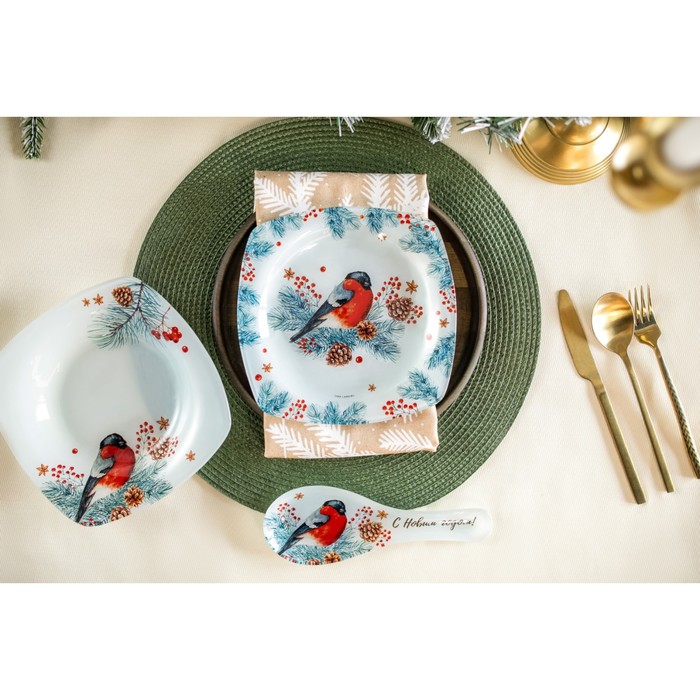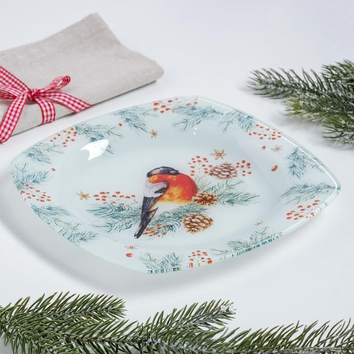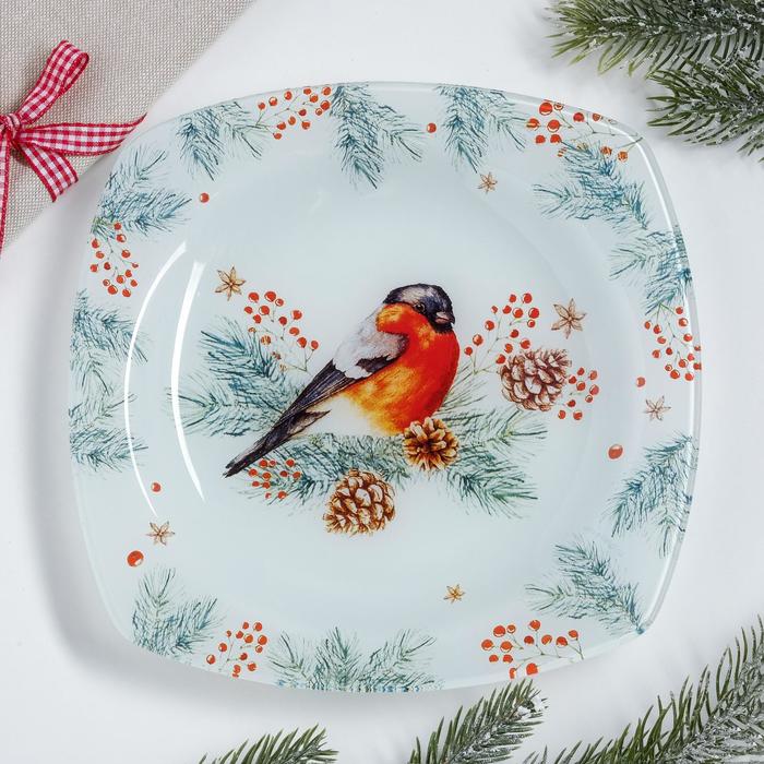 Тарелка плоская новогодняя «Снегирь», 20×20 см
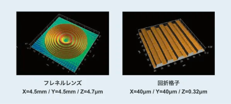 広範囲 / 高精度測定 (測定範囲:XYZ=60x60x10mm,分解能:XY=0.1μm,Z=0.01μm) |
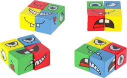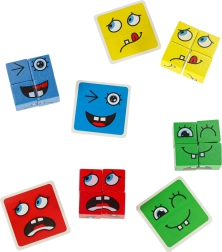 Cubos suavemente pulidos con impresión de ojos y bocas que permiten componer decenas de expresiones. Resistentes, seguros y agradables al tacto.

+ + + +

#### Your goal
Repeat the material above in full and exactly, apart from the pictures.

#### Task solution
 Тарелка плоская новогодняя «Снегирь», 20×20 см
 広範囲 / 高精度測定 (測定範囲:XYZ=60x60x10mm,分解能:XY=0.1μm,Z=0.01μm) |
 Cubos suavemente pulidos con impresión de ojos y bocas que permiten componer decenas de expresiones. Resistentes, seguros y agradables al tacto.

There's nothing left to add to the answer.